Inside the walls of Nulpartium the anxious garrison watches a vital convoy under assault. |
The primary goal was something new which would be suitable for a convention setting where there would be 6 or 8 players, each with up to a dozen units, who would be given a 5 minute briefing and a QRS and then thrown into battle. Past experience tells me that this can work, even with novice gamers, if the rules are simple and clear. A quick review confirmed my suspicion that I had been wandering away from straight forward.
A secondary goal was to develop something that a gamer in the 70's might have cobbled together bssed on published rules with the provisio that it had to work with single unit stands regardless of the number of figures. That pretty much left me working with Morschauser's Shock Period rules despite my own experience back then all being WRG and Featherstone. I'm sure there are other possible sources of inspiration but I'd as soon work with what I am already familiar with.
The last couple of drafts had wandered so far from Morschauser's rules that the inspiration was no longer recognizable. I got out my copy and started over.
A replay of the ol' wagon train. Romans under attack by Germanic allies of the Huns. |
The first thing I did was to review the very bloody melee rules to look at the odds and whether converting the both die result to a tie would help or if there was at least a way to use his factors and simplicity. I managed the last two by turning the melee rating into the number of dice to be rolled and using his shooting dice scores for melee as well.

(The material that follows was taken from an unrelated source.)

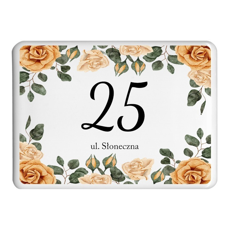 Budynki w stylu rustykalnym, wiejskim lub boho często zyskują na zastosowaniu motywów roślinnych, które dodają elewacji lekkości. Z kolei wzory folkowe to ciekawy akcent dla osób, które chcą podkreślić tradycyjny charakter miejsca. Sprawdź nasze tabliczki adresowe w kwiaty i tabliczki adresowe z motywem folkowym.

Next I ditched all the excess fidgety bits I had added about formations and low level tactics. I also ditched the new sequence of play and went back to move and/or shoot on your turn with a joint melee phase at the end. I kept the initiative roll since I like it and it goes back at least as far as Featherstone.
The Version 7 draft is now posted click here or use the link to the left.
Hi Ross,
ReplyDeleteI've never tried Morschauser's rules because of the very bloody melee rules, but I have read them many times, and if I were ever going to, I have come up with an alternative interpretation that might be workable.
Both units roll 2D6 and score hits normally, but enemy hits cancel your hits and vice-versa. Whoever suffers more hits is defeated. If defeated by 1 hit the unit must fall back disorganized (1 turn to recover); if defeated by 2 hits, destroyed. If a tie, then effect varies by number of hits each unit scored. 0 hits: locked in melee another turn. 1 hit: disengage 1/2 move each. 2 hits: both fall back disorganized.
That way with 2 equal units destruction should only occur rarely and mutual destruction never -- although mutual disorganization is likely.
If I were going to do that, I would also tone down the firing the same way: 2 dice, both must hit to kill, 1 hit disorganizes, and must fire before (or instead of) moving, so defender gets first fire.
Are you using the roster system? Using casualty caps I assume to indicate hits, not an actual roster.
Regards,
John
I thought about mutusl hits cancelling but then it was just as wonky with, Knights for example, going from mutual destruction being the most common result to no result being the norm.
DeleteI am nit using Morschauser's roster but rather am using fixed dice per unit based on type with a base of 4 hits per unit, 5 for Elites, 3 for Levies. Mot very Morschauserish but it seems to work. The only really Morschausery bit is the 1 stand is a unit. There is only so far nostalgia can tske me, esp when its not my nostalgia.